On the plus side, ISIS are now being pushed back. Unfortunately it appears to be Shia and Kurdish militia who are doing most of the fighting and not the Iraqi army (who the US trained and equipped at great expense). This is worrying, as the fear is that Shia militia might start taking reprisals on Sunni’s for the atrocities committed by ISIS, including scenes eerily similar to those in Eastern Europe under the nazi’s. In short Iraq, like Syria could be a case of another re-run of the Yugoslav civil war.

Rise of Kurdistan?
There’s also questions as to what the Kurds will do. Will they hand back territory they’ve captured to the rest of Iraq? or absorb it into Kurdistan? There’s also the possibility of them declaring independence. The Kurds, at 38 million people, are one of the world’s largest ethnic groups who lack a country of their own, so such a desire for a homeland is not really surprising. However, only a fraction of the Kurdish population live in Iraq (about 25%) and only some of those live within Kurdish held areas in Iraq. Large populations of Kurds live in neighbouring countries of Syria, Iran and most notably Turkey.

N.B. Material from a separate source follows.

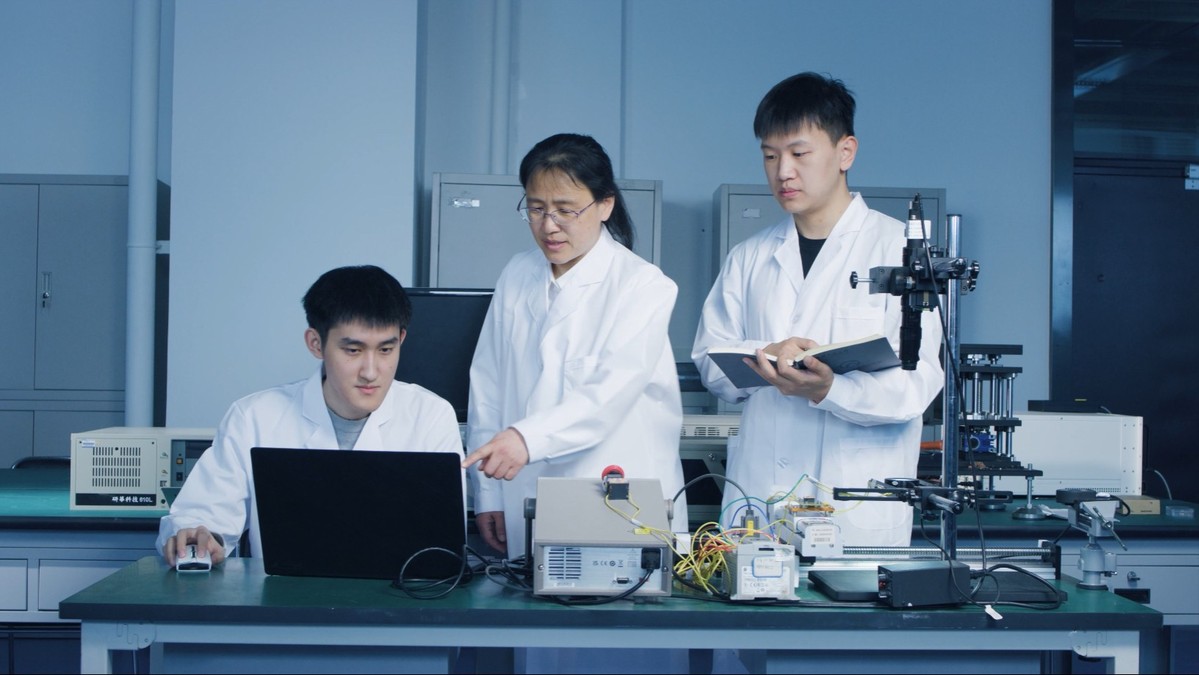 团队成员梁慧敏教授(中)指导学生科研攻关
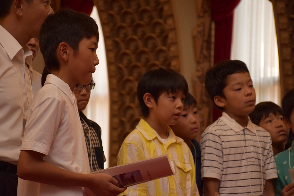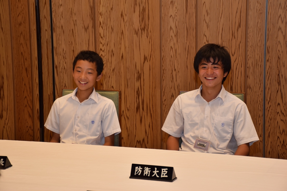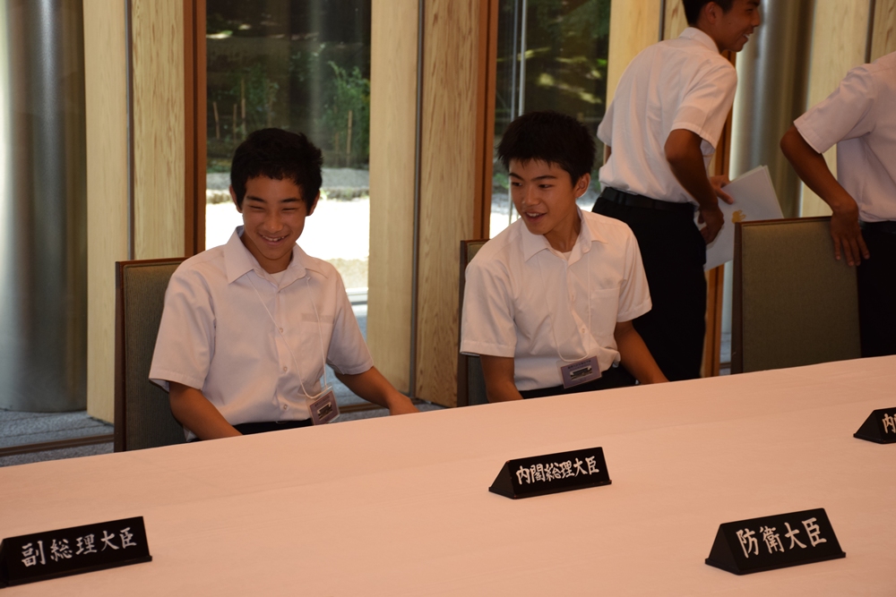 日々、様々な会議が開かれている官邸の小ホール。子どもたちは、大臣の椅子に座って笑顔で会議!

Thus if Kurdistan becomes a sovereign nation, the desire to unite these lands together will probably become irresistible. But this will almost certainly provoke conflict between Kurdistan and its new neighbours. Note that in the past both Syria and Turkey made separate threats to invade Iraq if the Kurds declared independence. So some form of conflict, either an outright war or a series of insurgencies, seems very probable if Kurdistan goes independent. It is no exaggeration to say that this conflict could go onto till we are ten thousand days past mission accomplished.

Then there’s the question as to what happens to whatever is left of Iraq. The chances of Sunni and Shia parts of Iraq splitting into two rump states is fairly likely. The possibility of war and insurgency between the two are a risk. And its equally a risk that the Shia rump state will fall under the influence of Iran (or possibly even be absorbed by Iran) with a similar risk as regards the Sunni region and whoever ends up in charge of Syria (and thanks to ISIS that will probably be the Assad regime).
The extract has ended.